***** RECORDED INFORMATION *****

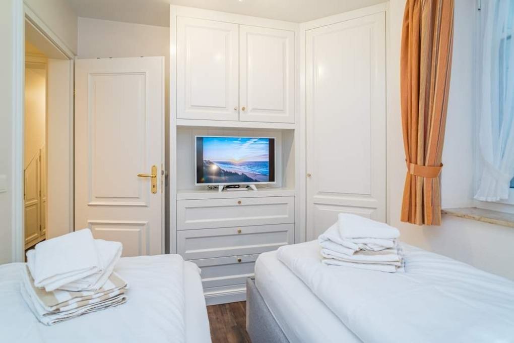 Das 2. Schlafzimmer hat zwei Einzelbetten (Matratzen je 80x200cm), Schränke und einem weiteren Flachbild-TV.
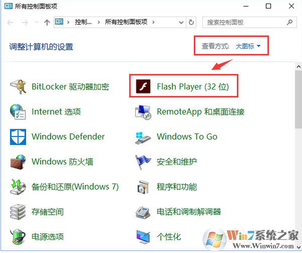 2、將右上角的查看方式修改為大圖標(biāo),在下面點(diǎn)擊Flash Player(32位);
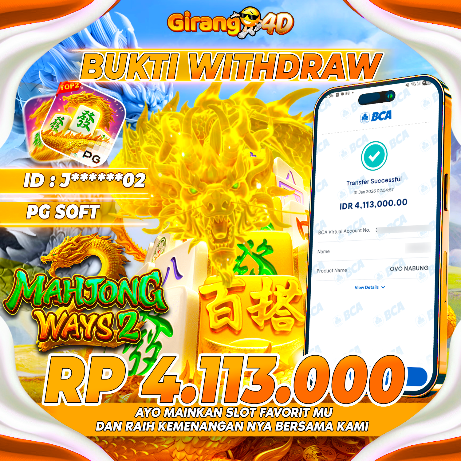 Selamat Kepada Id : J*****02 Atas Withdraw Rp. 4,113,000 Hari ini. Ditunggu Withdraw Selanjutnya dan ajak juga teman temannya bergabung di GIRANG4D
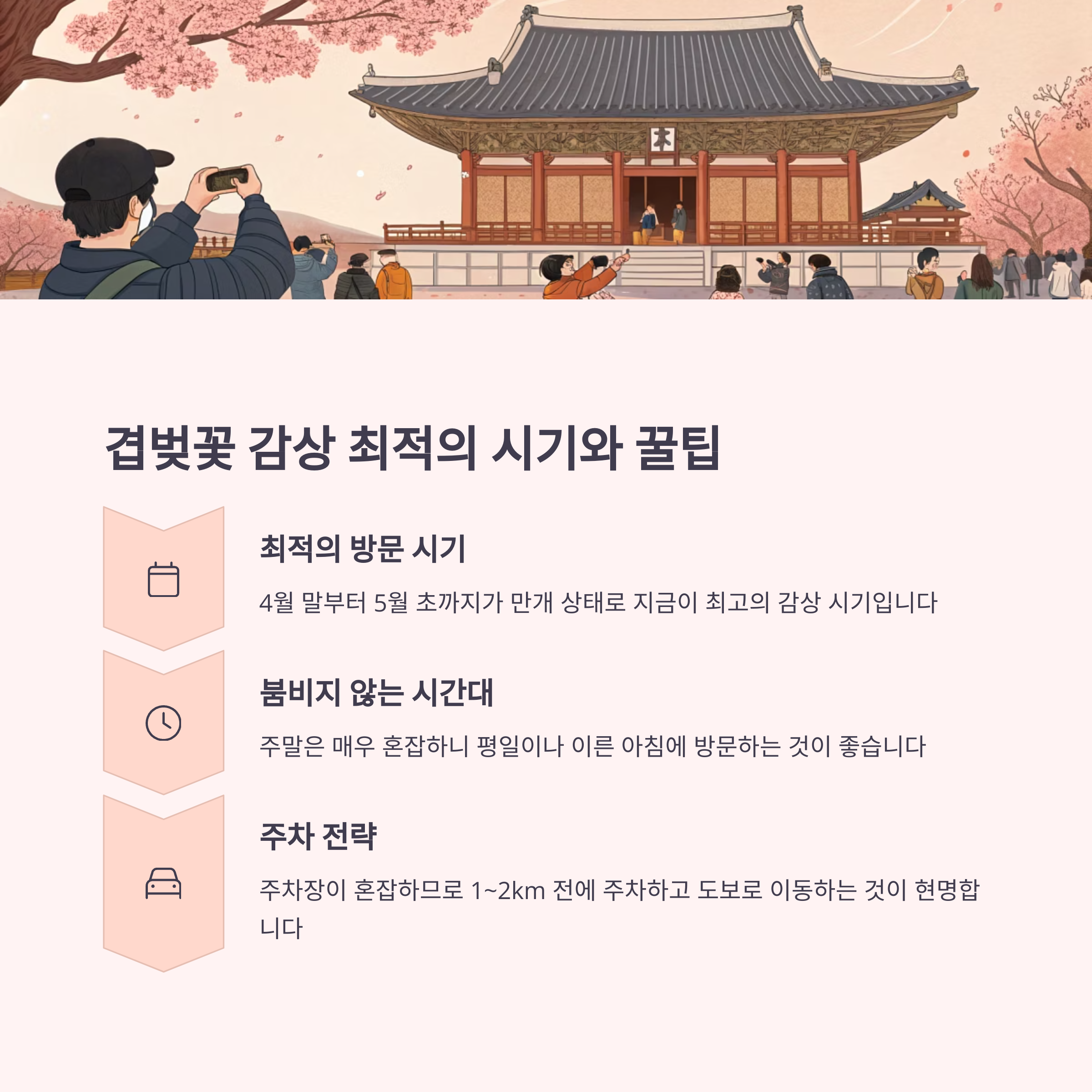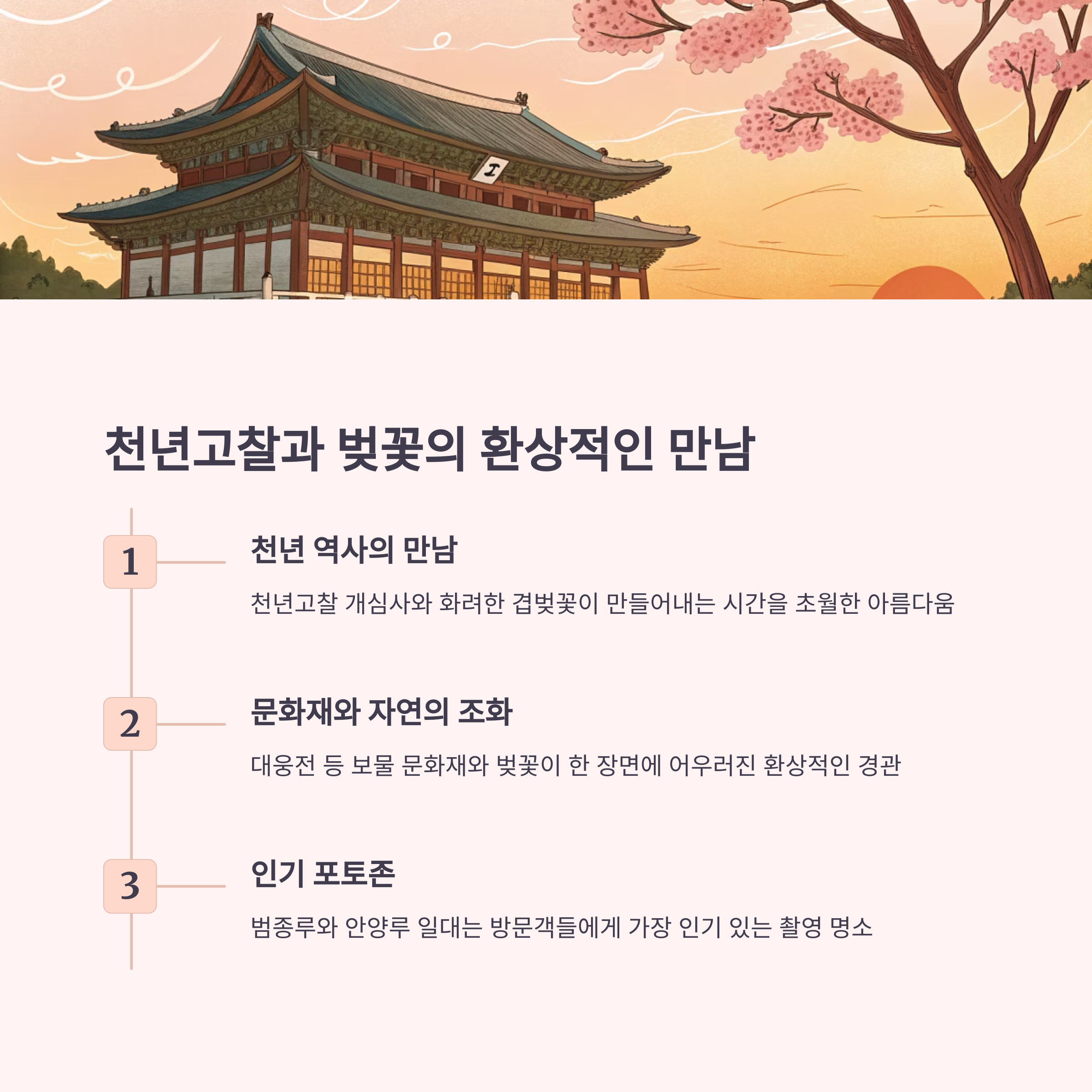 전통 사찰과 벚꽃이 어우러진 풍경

*****

- REQUIRED WORK
Leave out the pictures and return the listing exactly.

- SOLUTION FOR THIS EXERCISE
 Das 2. Schlafzimmer hat zwei Einzelbetten (Matratzen je 80x200cm), Schränke und einem weiteren Flachbild-TV.
 2、將右上角的查看方式修改為大圖標(biāo),在下面點(diǎn)擊Flash Player(32位);
 Selamat Kepada Id : J*****02 Atas Withdraw Rp. 4,113,000 Hari ini. Ditunggu Withdraw Selanjutnya dan ajak juga teman temannya bergabung di GIRANG4D
 전통 사찰과 벚꽃이 어우러진 풍경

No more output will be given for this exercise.